*Your task*:
Set down, exactly and with no pictures, the line that contains "Outdoor Menu Board" and all lines after it in the listing.

*Input material*:
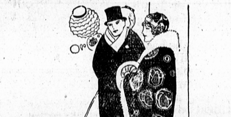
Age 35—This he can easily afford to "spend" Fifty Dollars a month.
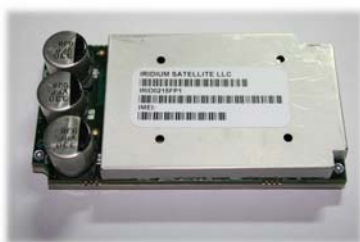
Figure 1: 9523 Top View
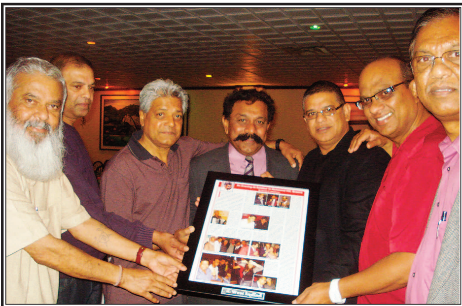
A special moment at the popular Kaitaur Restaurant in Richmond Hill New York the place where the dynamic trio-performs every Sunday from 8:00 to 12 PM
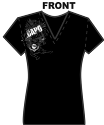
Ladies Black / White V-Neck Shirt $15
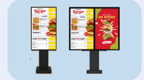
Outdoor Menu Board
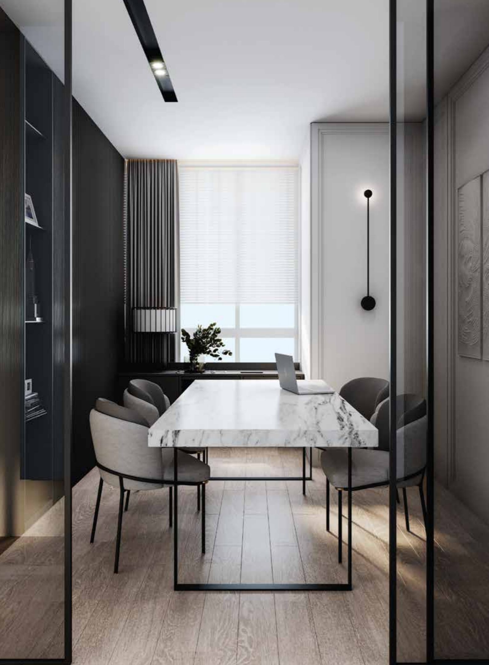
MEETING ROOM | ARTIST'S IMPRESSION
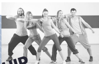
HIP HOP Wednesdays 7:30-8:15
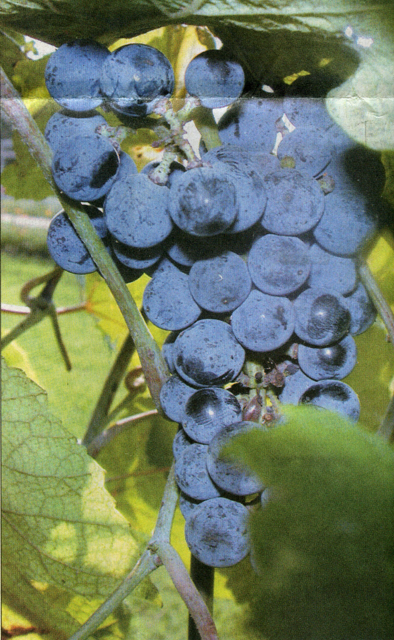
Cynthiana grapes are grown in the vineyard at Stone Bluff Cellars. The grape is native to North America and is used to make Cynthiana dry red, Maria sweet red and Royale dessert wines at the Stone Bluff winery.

*Solution to this task*:
Outdoor Menu Board
MEETING ROOM | ARTIST'S IMPRESSION
HIP HOP Wednesdays 7:30-8:15
Cynthiana grapes are grown in the vineyard at Stone Bluff Cellars. The grape is native to North America and is used to make Cynthiana dry red, Maria sweet red and Royale dessert wines at the Stone Bluff winery.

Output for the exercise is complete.